I consiglieri Savigni, Lenzotti e Pistoni (Pd), Barbieri (Sassuolo Futura) e Pigoni (Misto), hanno presentato un’interrogazione alla giunta al governo [sic] di Sassuolo che aveva come oggetto le “Posizioni anti Green Pass”.

Nella Gazzetta Ufficiale del 23 Luglio 2021 – si legge nell’interrogazione –  è stato pubblicato il decreto-legge, recante  misure urgenti per fronteggiare l’ emergenza epidemiologica e per l’esercizio in sicurezza di attività sociali ed economiche, che, oltre a prorogare lo stato di emergenza fino al 31 dicembre 2021, individua le attività e gli ambiti accessibili solo se in possesso di Green pass. Considerato che in quei giorni e nelle settimane successive, l’Assessore all’istruzione e al Bilancio del Comune di Sassuolo pubblicava sul suo profilo Facebook articoli e prese di posizioni contro l’obbligo stabilito per decreto, definito “misura assurda, illogica, anticostituzionale che cancella la libertà personale”, strumento di un regime totalitario, “decreto folle illegittimo”, e espressioni simili. Considerato inoltre che queste comunicazioni non possono e non devono essere considerate semplici forme di testimonianza privata, in quanto sono post pubblici, e sono la voce di un amministratore pubblico, che non interviene su questioni che afferiscono alla sfera degli interessi privati, ma hanno a che fare con il suo ruolo di amministratore e la delega che gli è stata conferita dal sindaco; non possono quindi essere derubricate come esternazioni del privato; queste posizioni possono creare disorientamento nel mondo della scuola locale, che da un lato si trova a dover gestire un rientro in sicurezza, con tutte le difficoltà e le preoccupazioni che questo comporta, dall’altro sente ribadire, dal suo assessore di riferimento, posizioni che negano la validità di queste misure, definite addirittura illegittime e anticostituzionali.

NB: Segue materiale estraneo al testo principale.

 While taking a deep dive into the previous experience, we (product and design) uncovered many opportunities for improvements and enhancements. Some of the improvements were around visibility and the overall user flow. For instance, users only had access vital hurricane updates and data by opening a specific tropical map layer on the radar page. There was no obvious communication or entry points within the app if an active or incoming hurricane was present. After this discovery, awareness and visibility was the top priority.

Si chiede: qual è la posizione del sindaco in merito alle esternazioni dell’Assessore all’Istruzione. Se queste posizioni, che esprimono una decisa opposizione alle norme di legge, sono state discusse e condivise in Giunta. In caso di difformità di posizione su un tema così rilevante e decisivo per la vita comunitaria, quali iniziative la Giunta intende prendere”.

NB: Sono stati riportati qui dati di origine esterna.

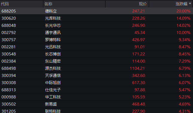 CPO概念再度爆发,德科立、通宇通讯涨停,长光华芯、光库科技、罗博特科等跟涨。龙头股中际旭创、新易盛、天孚通信(“易中天”)集体大涨,成交额盘中一度位居A股前三。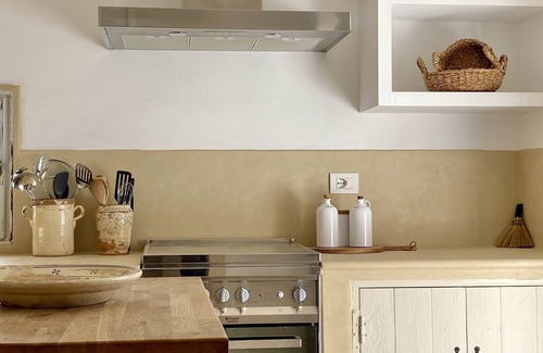 Separated from the pool by mediteranean grasses and herb-filled stone planters, the outside kitchen features a stone prep island with an electric hob and fridge, a classic woodfired pizza oven, and barbecue grill adjacent to a shaded dining pergola furnished for those long lazy lunches and memorable dinners under the Puglian stars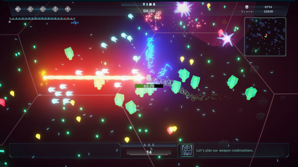 ウイルスハンターは、人間の体内を模した空間で自機を操作して、侵入してくるウイルスなどの外敵を駆除していくアクションゲームで、簡単な操作と、派手なエフェクト、武器の組み合わせを工夫する戦略性が特徴です。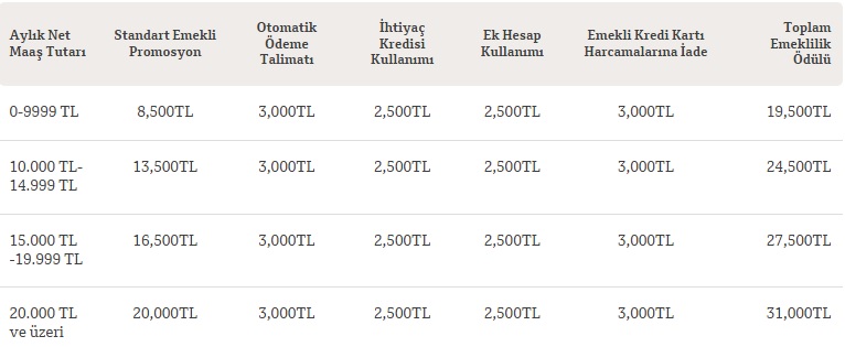 Promosyon tutarı, ödemelerine aracılık edilen tüm emekli maaşlarının 1 aya karşılık gelen tutarı (varsa haciz ve nafaka kesintisi düşülerek) üzerinden hesaplanır ve 3 yıllığına peşin olarak tabloda gösterilen oranlarda ödeme yapılır.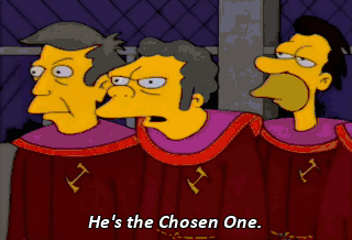 He's the Chosen One. You are the Chosen One... whom the sacred parchment prophesied would lead us to glory. Now to the top of Mount Springfield for the coronation. Remove the Stone of Shame. Whoo-hoo!

E’ stato proprio il Sindaco Menani a prendere il coraggio a dodici mani e a rispondere all’interrogazione. Con sprezzo del pericolo ha così premesso “che la libertà di pensiero è uno dei capisaldi della democrazia e del vivere civile e l’operato di un’Amministrazione deve essere giudicato in base alle azioni che intraprende, in riferimento all’interrogazione in oggetto si comunica che non c’è stata un’azione di questa Giunta che non fosse in sintonia con le iniziative intraprese da entrambi i Governi che si sono succeduti nel corso dell’emergenza Covid -19.” Ha poi continuato incensando “è un validissimo Assessore che nel corso dell’emergenza Covid si è trovato a fronteggiare una situazione gravissima in modo più che egregio, prendendo decisioni difficili assieme al resto della Giunta che, sempre, sono andate nella direzione di aiutare le famiglie, i cittadini e le scuole. Ciò che è importante per la città è l’operato: ogni azione dell’Assessore e dell’intera Giunta comunale è e sarà presa nell’assoluto rispetto delle leggi e delle normative introdotte da Governo e Regione per fronteggiare l’emergenza Covid-19”.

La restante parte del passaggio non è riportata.